Friday, September 14, 2012
Prints stand the test of time
1994 1931
The photography we’re posting on digital media has a shelf life of about ten minutes. We need to think beyond Facebook, Instagram, Flicker etc.
Do yourself one very important favor. When you capture that great picture of your spouse, kids or pets put the picture in a folder called to be printed. Take your disk or what ever to a lab and have some prints made. Photographic prints stand the test of time. Storing pictures on your phone will fail you someday.
You don’t want to look back 20 years from now and say I can’t remember what my kids looked like on their first day of school. Do it for yourself and for your family.
The pictures I’m posting are of my son (left) when he was 13. It was 1994. It’s shot on film and I have a similar print displayed in our home. The picture to the right is of my father when he was 10 years old. It was 1931
Thursday, September 13, 2012
Bonkers with a cell phone
Hipstamatic / Winkelman, AZ.
Cell phone photography has gone bonkers. Image quality has risen to a point where the work looks great. You don't even need to hold the camera to your face or close one eye. When people say everyone is a photographer now. It's so true. What defines a photographer these days. It's all over the place. Imagine being a fine art photographer who makes a living selling images. Good luck! Just look at Instagram. Quality photography is being produced by 10's of thousands of people all over the world.

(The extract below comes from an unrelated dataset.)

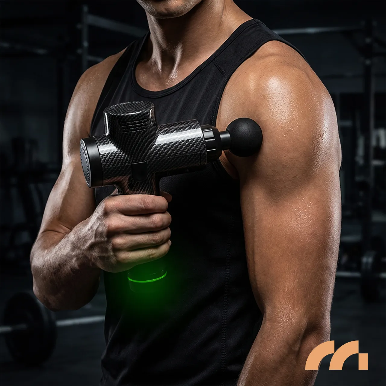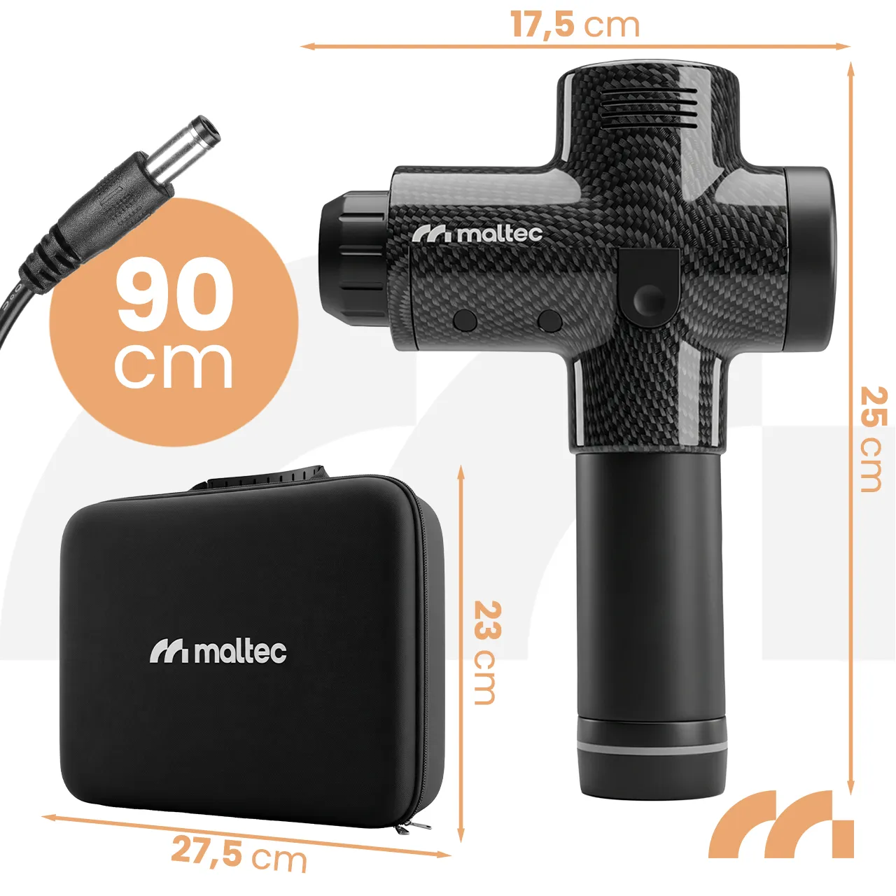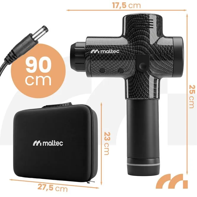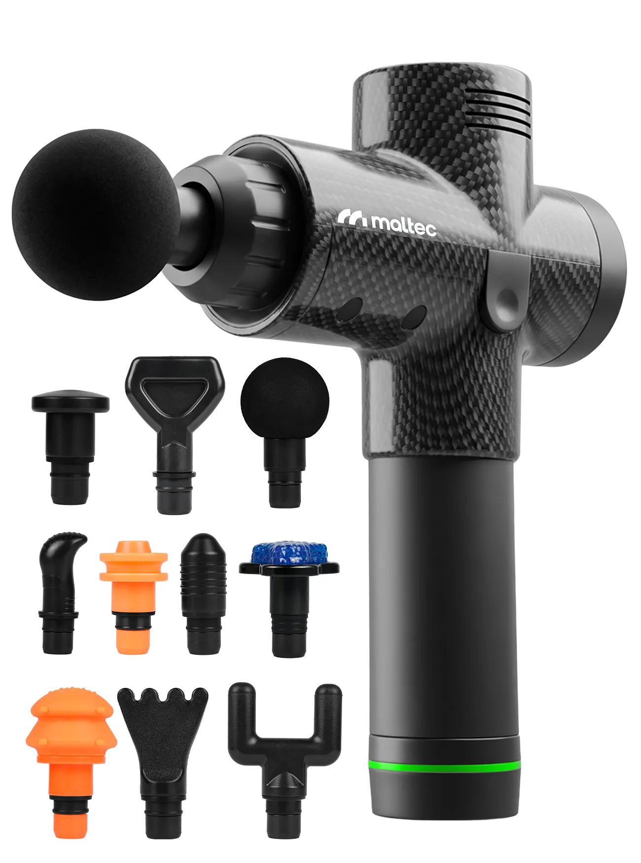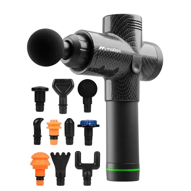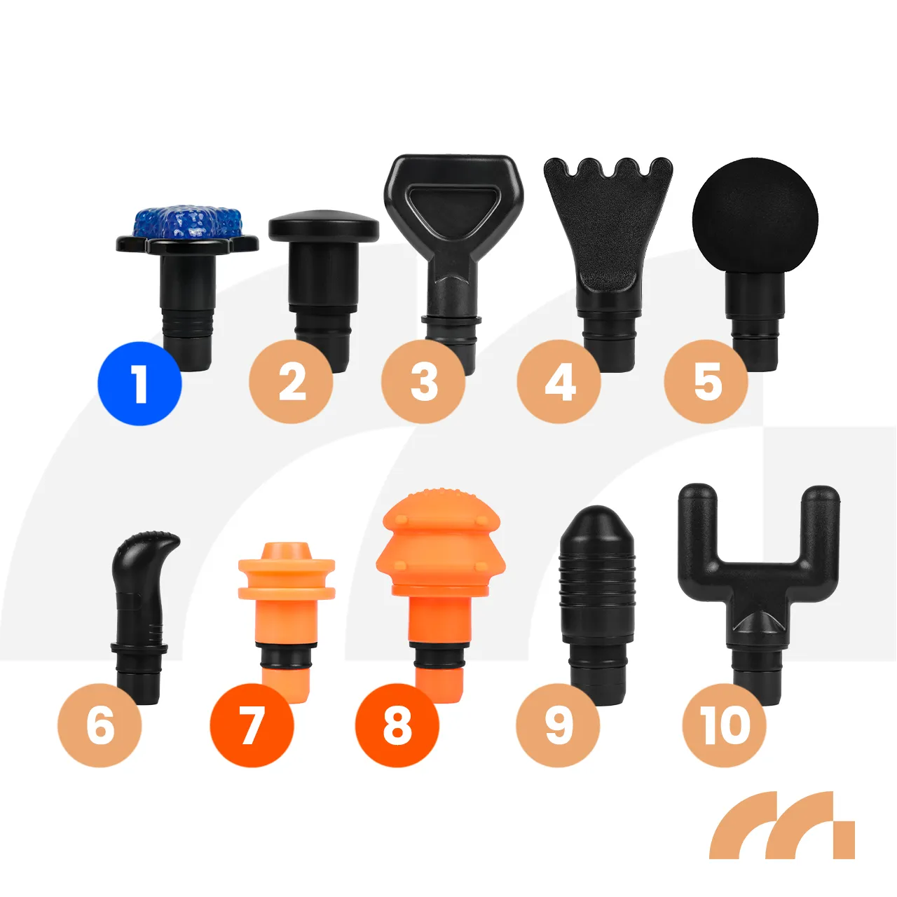 Pistolet oferuje aż 10 profesjonalnych końcówek, dzięki czemu jest w pełni przygotowany do masażu każdej grupy mięśniowej — od delikatnych partii po duże obszary wymagające intensywnej pracy.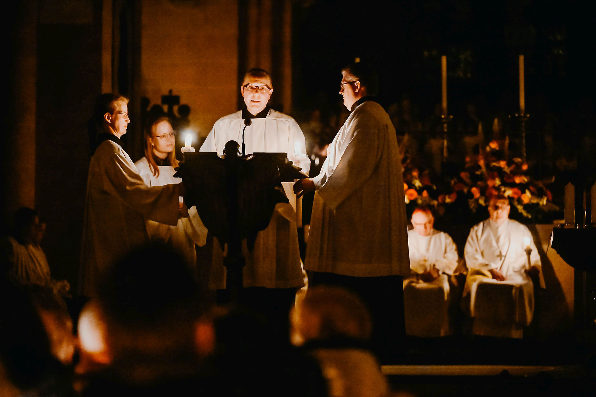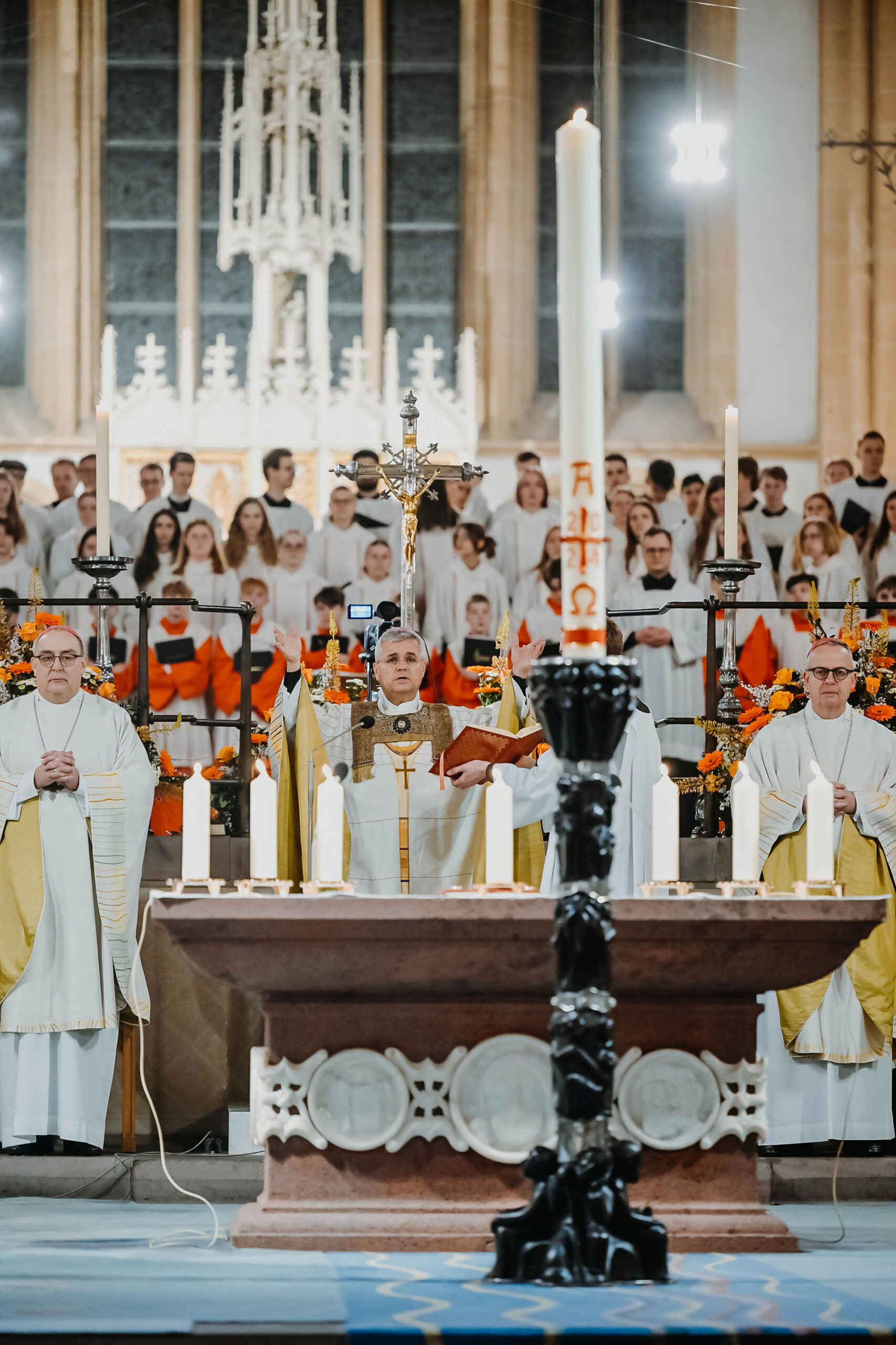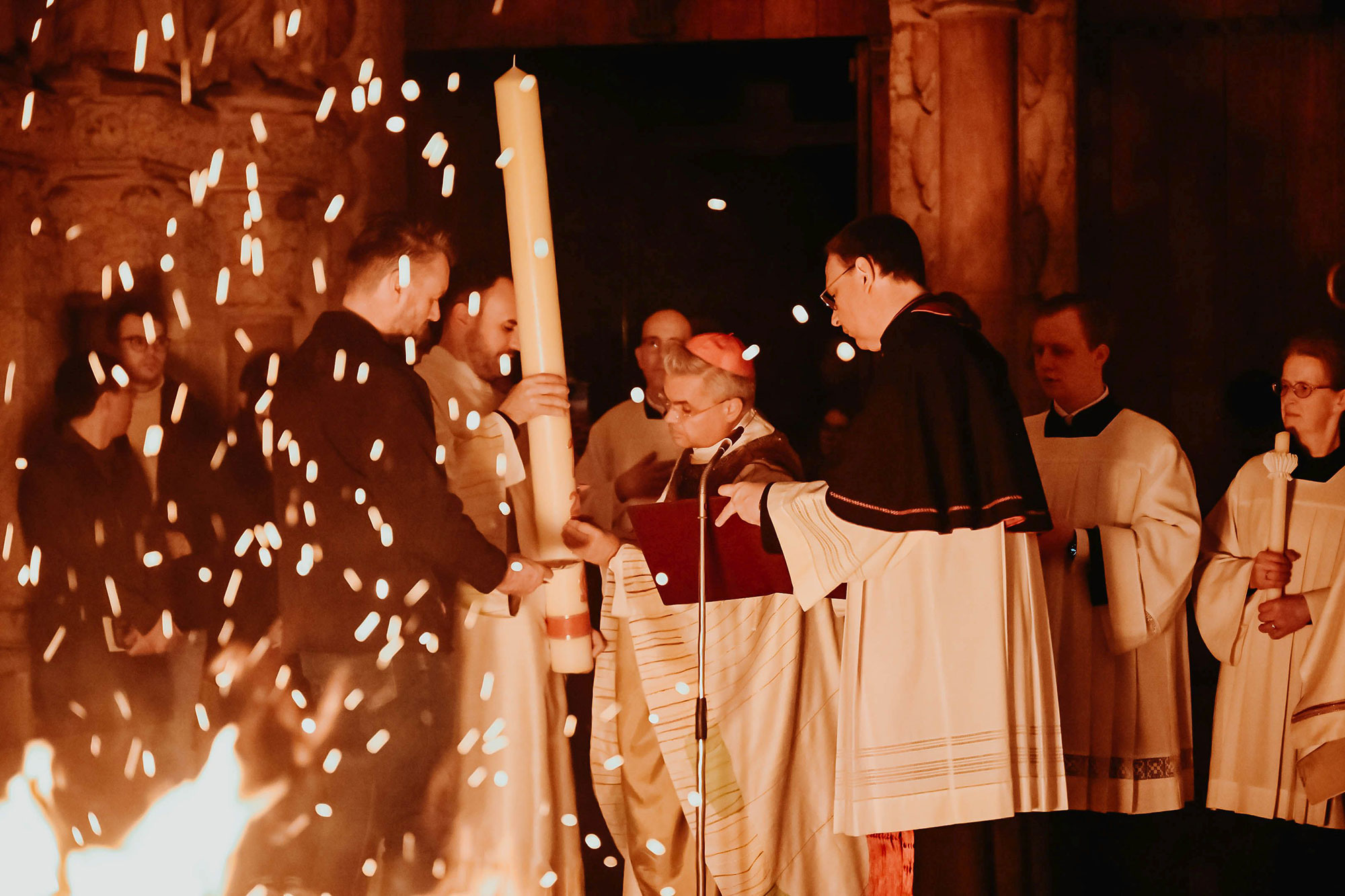 „Dreimal haben wir in der Karfreitagsliturgie bei der Kreuzverehrung das ‚Ecce lignum‘ gesungen“, machte Erzbischof Dr. Bentz deutlich. „Aber das ist nur das Vorletzte. Heute haben wir drei Mal das ‚Lumen Christi‘ gesungen. Das Licht des auferstandenen Christus steht im großartigsten Sinn für das Letzte, das den Tod überwindet.“

Beyond my commercial work, this type of photography is still a self indulging practice for me. I can't live my life through how many "likes" I receive. It has to be fun for me or why do it at all.
I'm still shooting film but not as much.
View Camera Portrait
Jason 1994
1994, 13 years old and life's a bitch. Budding testosterone and way to many important decisions to be made. He's got that leadership eye and whit. He's done quite well for himself. Grew up, got married and has a terrific career in the semiconductor industry.
The image was made with a Deardorff 8 X 10 view camera using a 360mm Rodenstock lens. The film is Tmax 100 and it was developed by hand in a rotatory drum using Tmax RS developer.